When it came time to pick a word from the word cloud to write about, it made sense to me that what jumped off the page was the beautiful, fuchsia word, community. I resisted hard though, because I thought, what the heck do I know about community? I’ve struggled with feeling like I was a part of one my whole life! But that word insisted and so here I am, warts and all.


I’ve been on the sidelines most of my life. When I become a part of things, it’s always with at least one little toe out, but mostly only with one little toe in. I’ve only jumped in fully a couple times in my life and that’s because it feels safer to be on the sidelines.…. I have an out. The story I told myself was that if I leave, it won’t hurt or disappoint anyone because I was never really in.
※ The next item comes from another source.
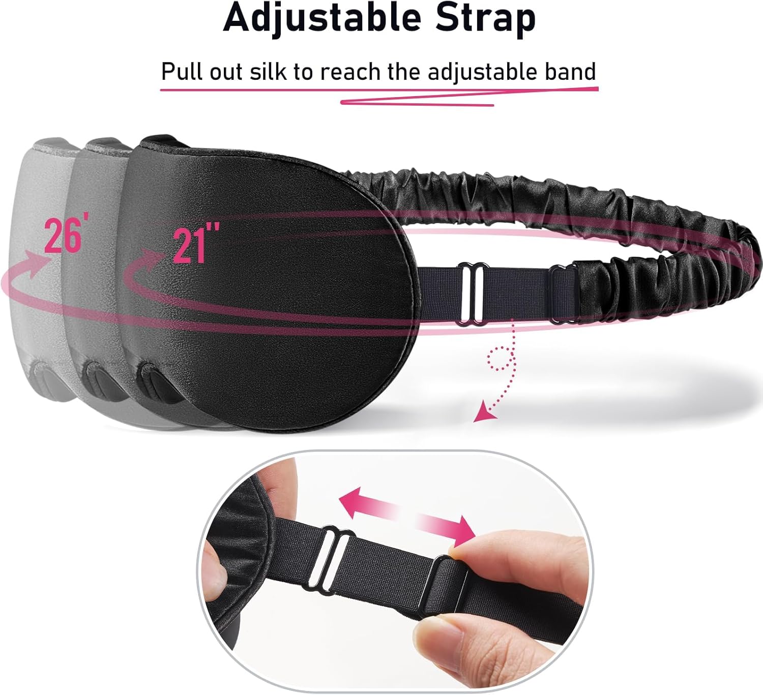 - Adjustable Strap: Our elastic buckle strap covered with 100% Mulberry silk on both sides, making it so comfy on your head, and doesn't tangle/stick your hair unlike other masks can be easily adjusted from 21 inches to 26 inches to fit all different head sizes—men, women, and kids

So, here’s what I know: the times when I have jumped in with both feet are the times when I’ve felt most alive, most engaged, most loved and most like I belonged. What I’ve learned is that community and belonging, much like love, are best when they are treated like verbs. I was expecting that belonging to a community would just happen, simply because I was showing up. I didn’t realize for a very long time that community is something you give yourself to and that you work at.


I remember when I first discovered Science of Mind at the Seattle Center for Spiritual Living, it was months and maybe even years later that I would leave in tears because although I loved and so resonated with the message and I couldn’t wait to get there on Sunday morning, when I left, I felt so alone, and it felt like it wasn’t really my community… I didn’t belong. For a long time, I blamed them. I said they were unfriendly or they were cliquish, but the truth was, I was sitting on the sidelines with most of me out.


A community is a living breathing thing and it needs each of us in order to thrive, and we need it. After so much time isolated during the pandemic what I learned about myself is that I want people in my life… in close proximity so I can look into their eyes and reach out and touch or embrace them. Yes, community, relationships and belonging, they can be messy and challenging, and it might be easier to leave if you aren’t fully in, but so much more is available to you and to everyone that enters our doors if YOU are in it.


The Albuquerque Center for Spiritual Living is my community. I’m jumping in. I hope you’ll join me.